Similarly, different stakeholders look at the focus of the software system is also very different, in order to distinguish the focus of different people, the birth of a lot of software view of the classification method, the more famous "4 +1" view, TOGAF's business architecture, application architecture, data architecture, technical architecture and other view of the classification method.

4 Architectural Views of TOGAF

In 1996, the Clinger Cohen Act was enacted. Cohen Act was enacted, the U.S. federal government legislation, mandatory government agencies to use enterprise architecture theory to build their own IT systems, the most important agencies are the Department of Defense, the Department of the Treasury, the initiative, directly to the level of digitization of government agencies, to rocket-like speed rapid development.

At the same time, the vaunted TOGAF was rapidly evolving, heavily referencing the enterprise architecture theories of government agencies to precipitate a more generalized enterprise architecture methodology.

Currently 80% of the top 50 companies on the Forbes list and 60% of the Fortune 500 companies in the U.S. are using TOGAF theory to improve their IT architecture.

We focus on the 4 TOGAF view types: business architecture, application architecture, data architecture, and technology architecture.

They are the four main parts of the enterprise architecture, which focus on different aspects and functions, but are interrelated and supportive, and together form the overall architecture of the enterprise.

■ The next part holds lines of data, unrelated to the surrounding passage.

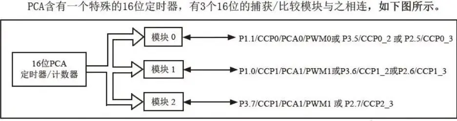 PCA模块是程序可编程计数器/定时器模块,用于在单片机中生成定时器/计数器信号。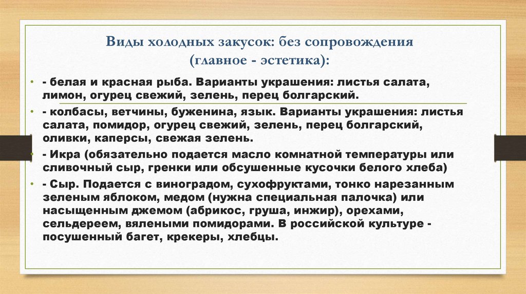 Виды холодных закусок: без сопровождения(главное - эстетика):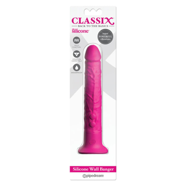 Indulge yourself with the simple pleasures of a classic! With ten vibrating functions, a powerful suction-cup base, and a sturdy realistic design, there's a lot to love about this Classix Silicone Wall Banger! The lower button turns on the strong motor and the upper button cycles through ten intense pleasure functions, while the incredible grip of the suction-cup base holds the dildo securely in place, providing thrilling stimulation right where you want it. Stick the dildo to the floor, wall, bedpost, or almost any flat surface to enjoy wall-bangin' satisfaction with each passionate thrust. And the Classix Silicone Wall Banger is conveniently waterproof Try it in the spa or shower and turn bath time into pleasure time!
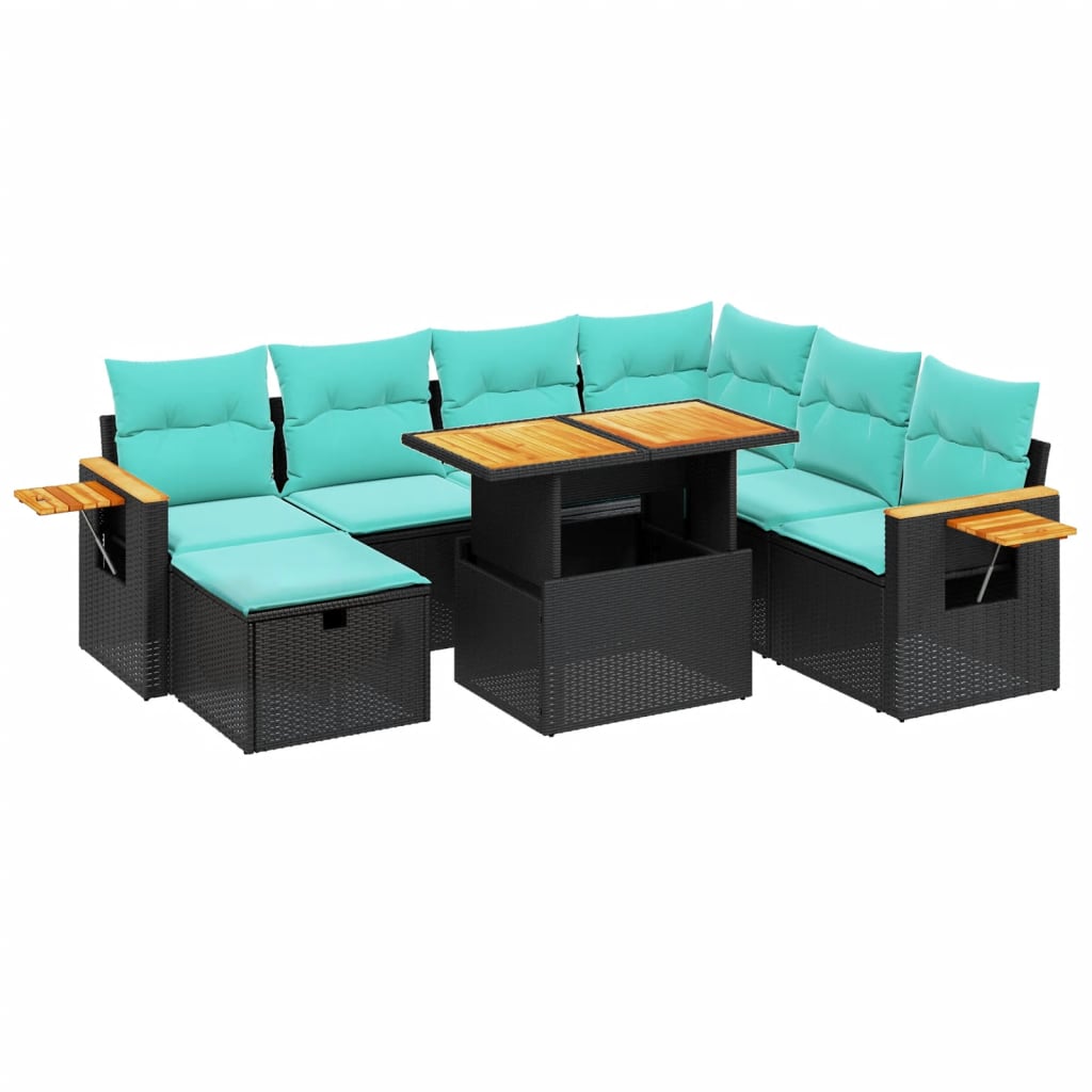 - Materiaal: PE-rattan, gepoedercoat staal en massief acaciahout met olieafwerking
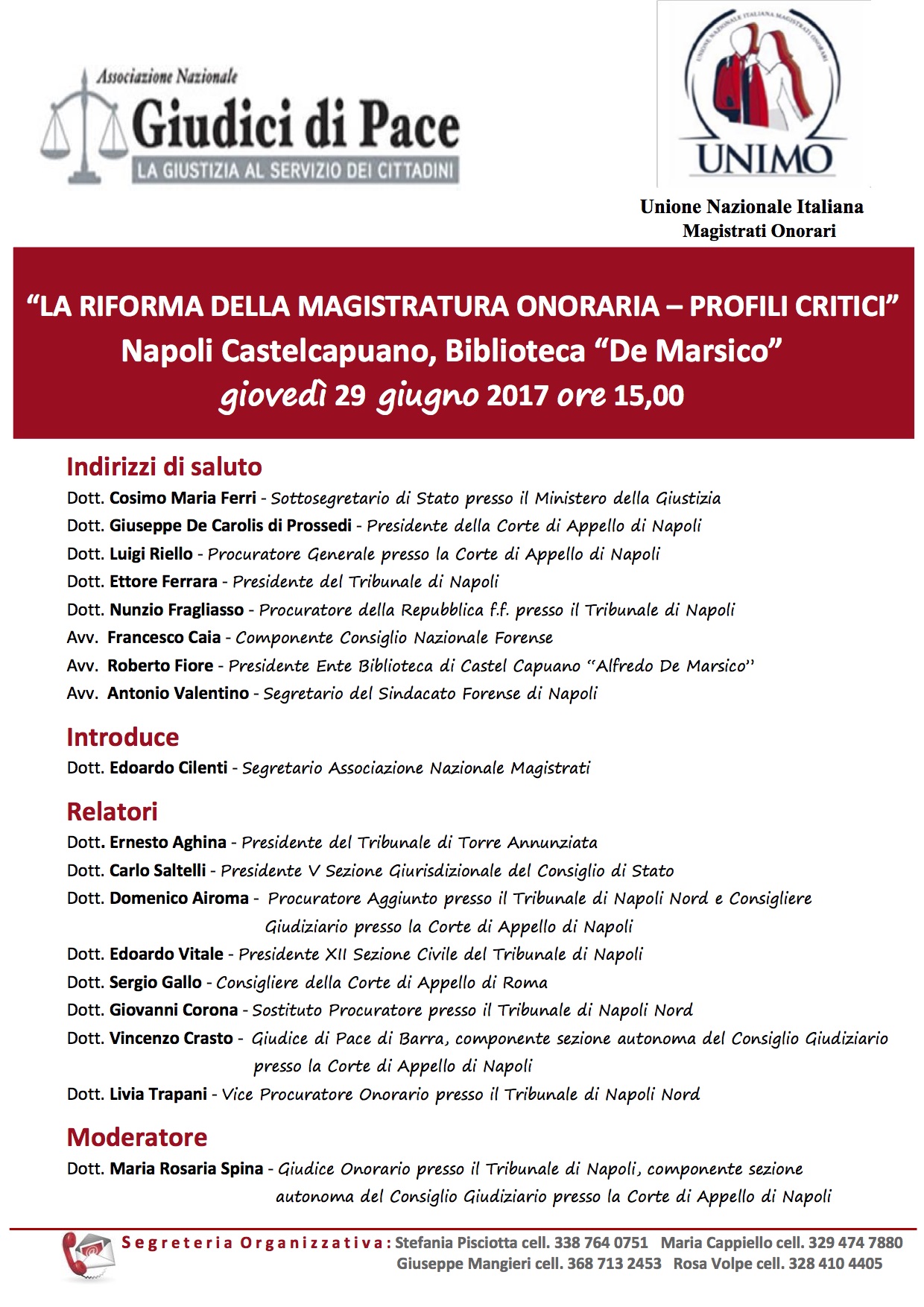 Giovedì 29 giugno il segretario generale dell'ANM Edoardo Cilenti interverrà al convegno "La riforma della magistratura onoraria - profili critici" organizzato dall'Associazione Nazionale Giudici di Pace e dall'Unione Nazionale Italiana Magistrati Onorari.

A clear enterprise architecture ensures smooth business processes, reasonable support of information systems, and orderly construction steps. Enterprise architecture is an important basis for project decision-making and the foundation for future development of the enterprise.

  • Business Architecture defines that in order to achieve an enterprise's business strategy, an enterprise structurally expresses its business as a comprehensive, multi-dimensional abstract model, including the business model, value streams, business capabilities, business processes, and organizational structure, as well as their relationships to strategy, products, tactics, project execution, and stakeholder relationships.
  • Application architecture defines the structure and behavior of application systems in an enterprise, the relationships between these systems, and how they interface with business processes.
  • Data architecture defines how an organization collects, stores, manages, and uses data and involves the design and implementation of data models, data management, data integration, and governance.
  • Technical architecture defines the structure of IT infrastructure and technical components through which an organization's needs for business, data, and application services can be supported, and they include, but are not limited to, hardware, deployable software packages, networks, technical middleware, communication facilities, computing facilities, and so on.

Through views and perspectives, we can separate concerns and disassemble complex problems so that the complexity of each localization is controlled within an acceptable range. At the same time, the team has a unified architectural cognitive coordinate system, which further contributes to business standardization, and by separating invariant points from change points, we can distill reusable business components and quickly respond to changes in business requirements.

Core Concepts of the Architecture View

Each architecture view contains a set of core concepts through which the entire business system can be dissected layer by layer to systematically understand and manage the overall architecture and ensure coordination and consistency at all levels.

  • Business Architecture: Business Model, Value Streams, Business Capabilities, Business Processes, Organizational Structure.
  • Application architecture: application services, application structure, application interaction.
  • Data architecture: data modeling, database technology.
  • Technology architecture: software deployment, technology components, infrastructure.